Extracted data entries
————————
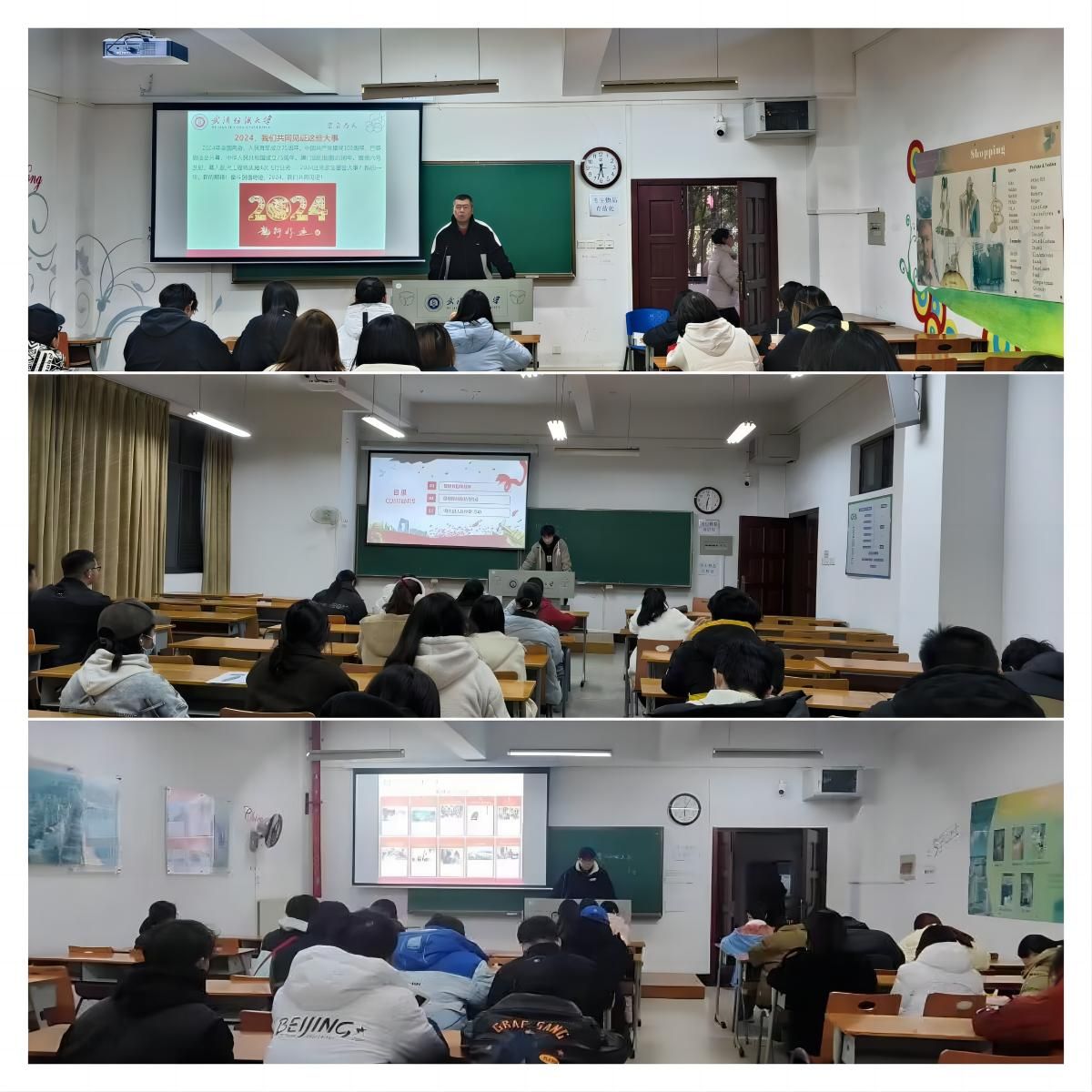 班会上介绍了学院2023年发生的十件大事,让同学们感受到学院的进步与发展,同时鼓励大家在新学期充分利用学院的平台与资源,在科研竞赛中取得优异成绩。接着,班主任提醒同学们注意调整自己的生活作息,按时上课,遵守学校各项管理规定,有事务必履行离校请假手续,不要私自前往偏僻或危险区域。新学期也是网络诈骗的高发期,同学们一定要注意保护自身的人身财产安全,不贪图小便宜,警惕电信网络诈骗。最后,班主任提醒同学们一定要注意宿舍用电安全,不要在宿舍使用违规电器,不要将电动车电池拿到宿舍充电等。
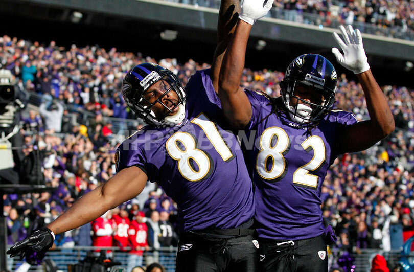 第1クウォーターにタッチダウンを成功させ、チームメイトのトレイ・スミス(Torrey Smith、右)と喜びを分かち合うレイブンズのアンクワン・ボウルディン(Anquan Boldin、2012年1月15日撮影)。(c)AFP/Getty Images/Rob Carr
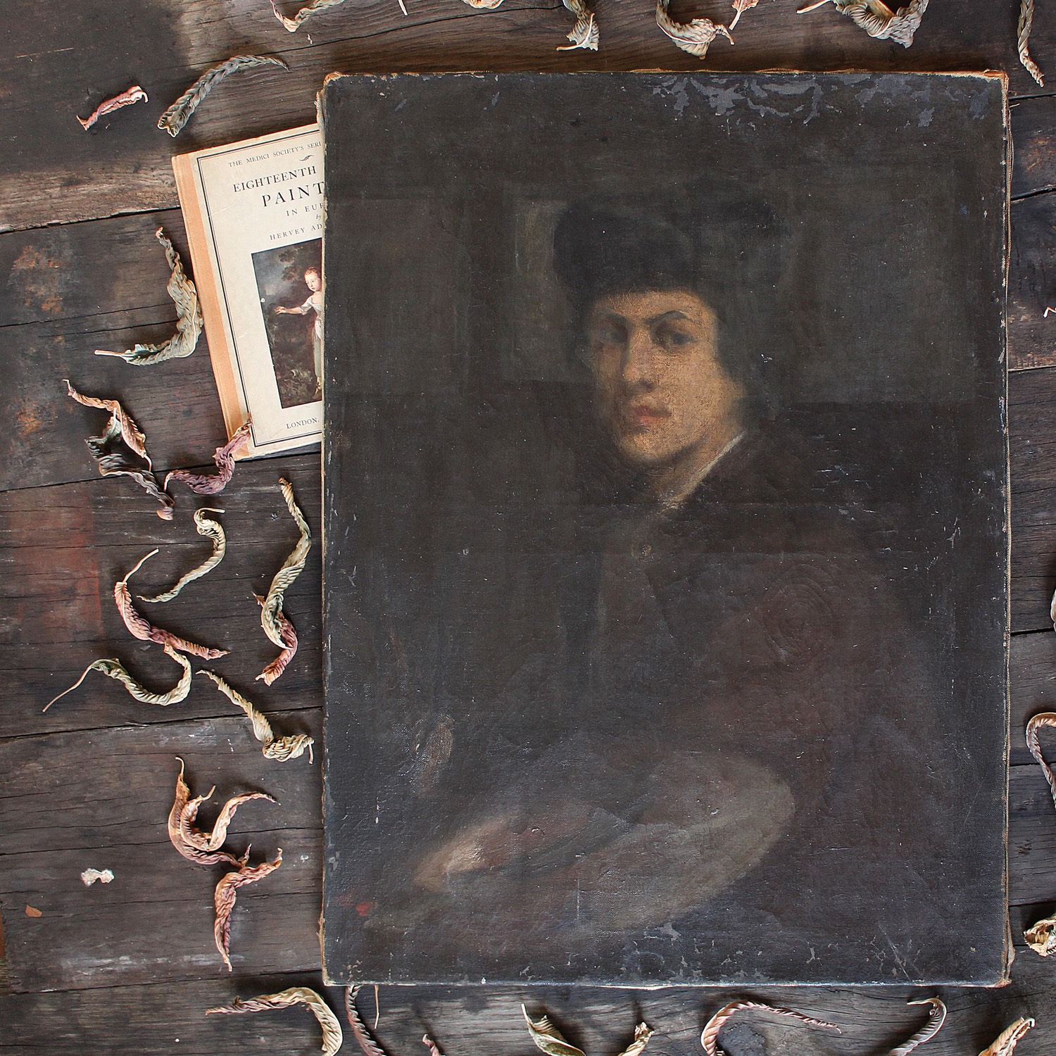 Portrait of Artist with Palette, Dark & Worn Antique Painting
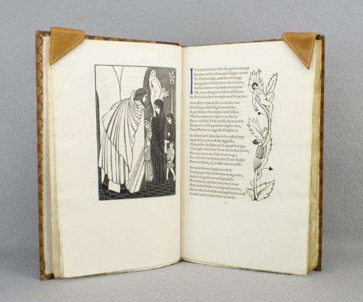 Ein Schmuckstück hergestellt von der Golden Cockerel Press, die auf die Herstellung schöner Ausgaben von Klassikern und neuen Büchern spezialisiert war. Troilus and Criseyde gelten nach den Canterbury Tales als zweitwichtigstes Werk des Verlags – und das obwohl die Holzschnitte von Eric Gill von vielen als zu freizügig betrachtet wurden. Verkauft wurde eins von nur 219 nummerierten Exemplaren.
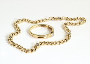 Lot: Armband und Ring "KLASSIKER", GG 585/000, Armband 5 Brillanten ca. 0,5 ct tw-p, L = ca. 21,8 cm (Karabiner sollte die nächste Zeit erneuert werden !); Ring, 1 Brillant ca. 0,15 ct w-si, RW ca. 57,5
————————
What you have to do: Print every record above exactly, but no pictures.

Your response:
 班会上介绍了学院2023年发生的十件大事,让同学们感受到学院的进步与发展,同时鼓励大家在新学期充分利用学院的平台与资源,在科研竞赛中取得优异成绩。接着,班主任提醒同学们注意调整自己的生活作息,按时上课,遵守学校各项管理规定,有事务必履行离校请假手续,不要私自前往偏僻或危险区域。新学期也是网络诈骗的高发期,同学们一定要注意保护自身的人身财产安全,不贪图小便宜,警惕电信网络诈骗。最后,班主任提醒同学们一定要注意宿舍用电安全,不要在宿舍使用违规电器,不要将电动车电池拿到宿舍充电等。
 第1クウォーターにタッチダウンを成功させ、チームメイトのトレイ・スミス(Torrey Smith、右)と喜びを分かち合うレイブンズのアンクワン・ボウルディン(Anquan Boldin、2012年1月15日撮影)。(c)AFP/Getty Images/Rob Carr
 Portrait of Artist with Palette, Dark & Worn Antique Painting
 Ein Schmuckstück hergestellt von der Golden Cockerel Press, die auf die Herstellung schöner Ausgaben von Klassikern und neuen Büchern spezialisiert war. Troilus and Criseyde gelten nach den Canterbury Tales als zweitwichtigstes Werk des Verlags – und das obwohl die Holzschnitte von Eric Gill von vielen als zu freizügig betrachtet wurden. Verkauft wurde eins von nur 219 nummerierten Exemplaren.
 Lot: Armband und Ring "KLASSIKER", GG 585/000, Armband 5 Brillanten ca. 0,5 ct tw-p, L = ca. 21,8 cm (Karabiner sollte die nächste Zeit erneuert werden !); Ring, 1 Brillant ca. 0,15 ct w-si, RW ca. 57,5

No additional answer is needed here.